Seems like a good way to go.

http://www.telescope...stronnexstar...

#23 JoeStarPR

JoeStarPR

    Sputnik

  • -----
  • Posts: 37
  • Joined: 08 Aug 2012

Posted 29 April 2013 - 01:10 PM

thank you all !. I think im going for the 8SE after all.

#24 jrbarnett

jrbarnett

    Eyepiece Hooligan

  • *****
  • Posts: 20320
  • Joined: 28 Feb 2006
  • Loc: Petaluma, CA

Posted 29 April 2013 - 02:00 PM

"I had an astrophysicist pick out my first scope and he chose a NexStar."

That's a little like saying you had an engineer who designs screens for LCD displays pick out your oil paints for you. :grin: Observational astronomy as a professional tool has been dead for almost a century.
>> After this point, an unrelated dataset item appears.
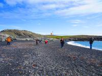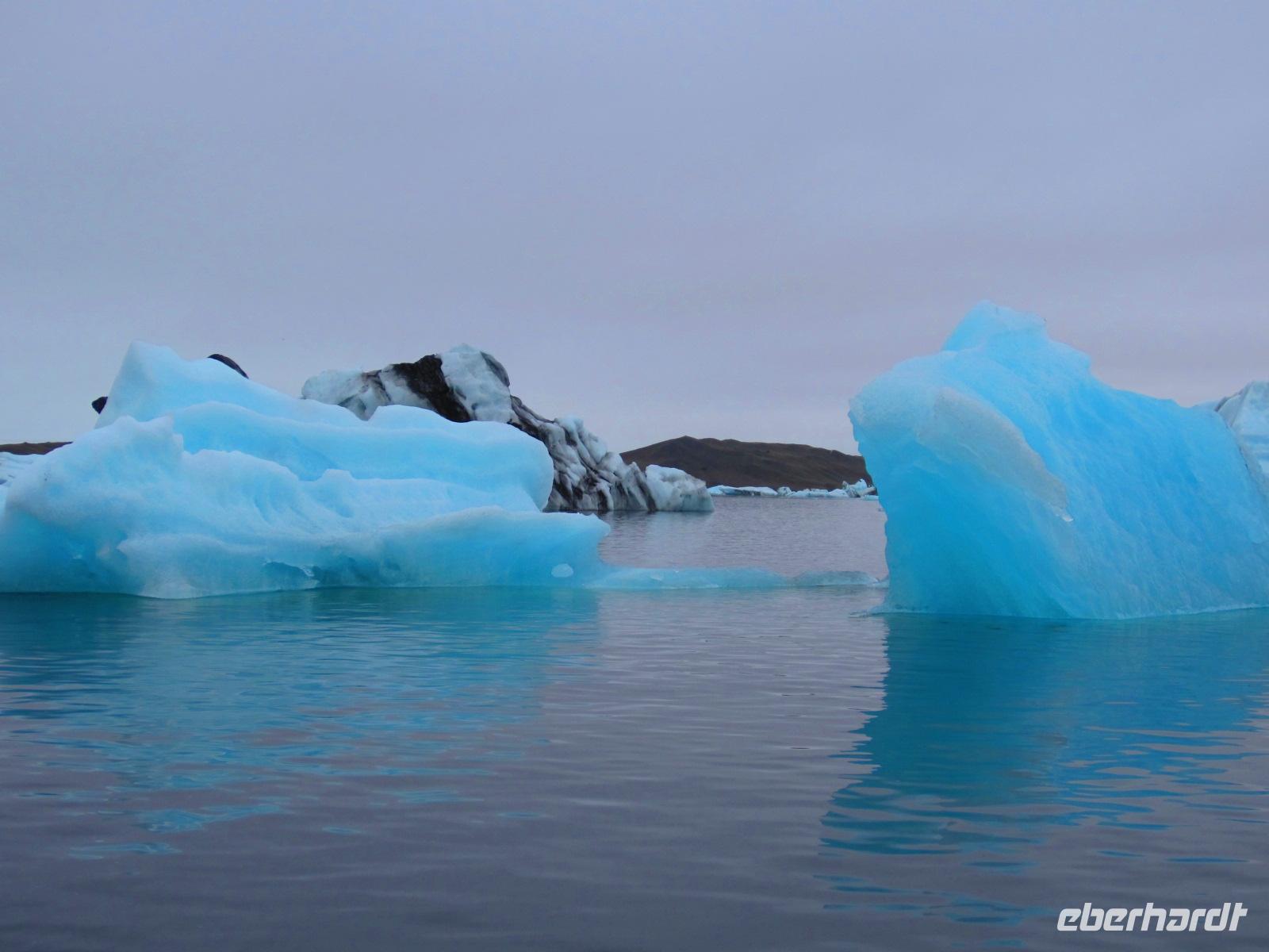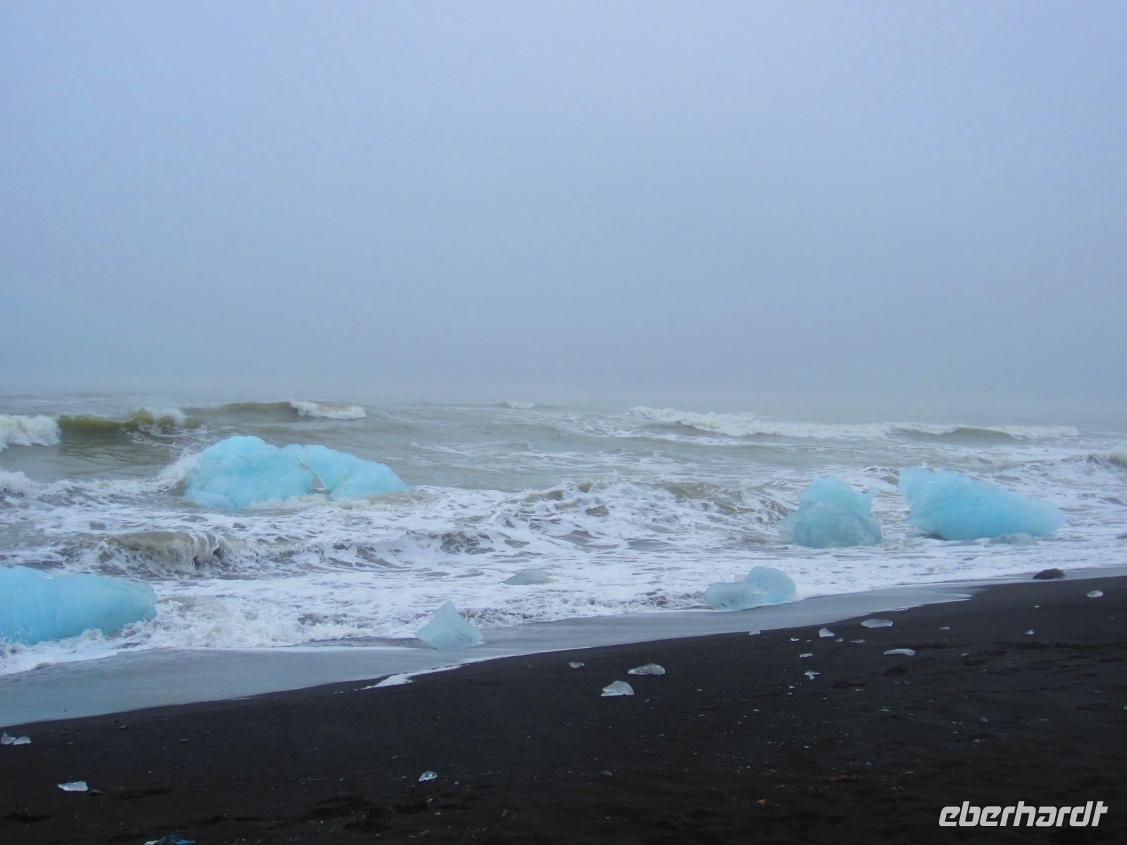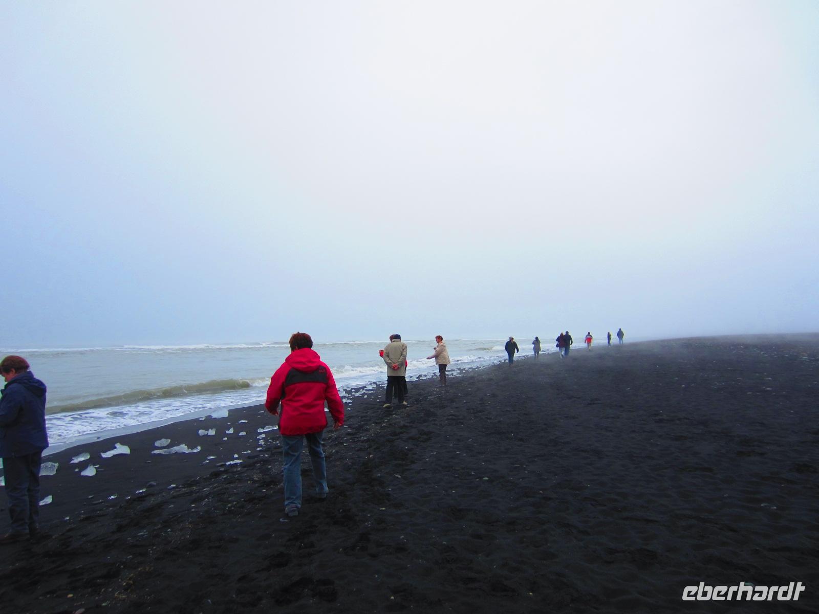 Nachdem wir die letzten Tage reichlich Wärme und Sonnenschein genossen, mussten wir uns heute mit Mütze, Schal und dicker Jacke einkleiden. Am Gletschersee Jökusárlón stiegen wir in unser Amphibienfahrzeug, um über den See zu schwimmen. Die Eisberge leuchteten in den verschiedensten Blautönen. Unser Bordbegleiter gab uns auf lustige Art und Weise interessante Informationen zum See und dem Eis. Auch ein Jahrhunderte altes Gletschereis zog er für uns aus dem Wasser, sodass wir alle einmal kosten konnten. Anschließend unternahmen wir einen Spaziergang am Meer. Es herrschte eine raue See und viele Eisschollen wurden angeschwemmt. Wir mussten sehr vorsichtig sein, denn das Wasser hat eine gewaltige Kraft. Wir entdeckten sogar mehrere Robben, die auf dem Weg ins offene Meer unterwegs waren. Unser armer Busfahrer Münte hatte am Abend wieder kräftig zu tun den schwarzen Sand aus seinem Bus zu kehren.;-) Bei einem Fotostop hatten wir Gelegenheit einen eindrucksvollen Blick auf eine Gletscherzunge zu erhaschen. Am Nachmittag unternahmen wir eine Wanderung im Nationalpark Skaftafell. Nach einem steilen Anstieg konnten wir den Wasserfall Svartifoss sehen, der über eine Wand aus Basaltsäulen floss, die wie Orgelpfeifen aussahen. Wir übernachteten in einem schönen Landhotel in Vik direkt am Fuße des Vulkans Katla, welcher jederzeit ausbrechen könnte. Trotzdem schlief es sich wunderbar.

Amateur astronomy is an aesthetic pursuit. Modern astrophysics is all about theory, probes, data, experiments and articles. Unless the astro-physist in question is also a visual observer hobbyist, I would tend to put *less* weight in his opinion than the opinions of experienced, active visual observers.

That said, I don't think the Nexstar 8 SE is a bad choice. But it wouldn't be my first recommendation for a noob.

Regards,

Jim

#25 Paco_Grande

Paco_Grande

    Surveyor 1

  • *****
  • Posts: 1594
  • Joined: 14 Jul 2012
  • Loc: Banana Republic of California

Posted 29 April 2013 - 02:09 PM

"I had an astrophysicist pick out my first scope and he chose a NexStar."

That's a little like saying you had an engineer who designs screens for LCD displays pick out your oil paints for you. :grin: Observational astronomy as a professional tool has been dead for almost a century. Amateur astronomy is an aesthetic pursuit. Modern astrophysics is all about theory, probes, data, experiments and articles. Unless the astro-physist in question is also a visual observer hobbyist, I would tend to put *less* weight in his opinion than the opinions of experienced, active visual observers.

That said, I don't think the Nexstar 8 SE is a bad choice. But it wouldn't be my first recommendation for a noob.

Regards,

Jim


Yeah, argument from authority can be fallacious. :D

The 8SE might not be the best noob scope but it is a scope he can grow into nicely without the hassles of handling a big GEM.

BTW, I'm taking up your 60mm observation challenge. I'm looking forward to it!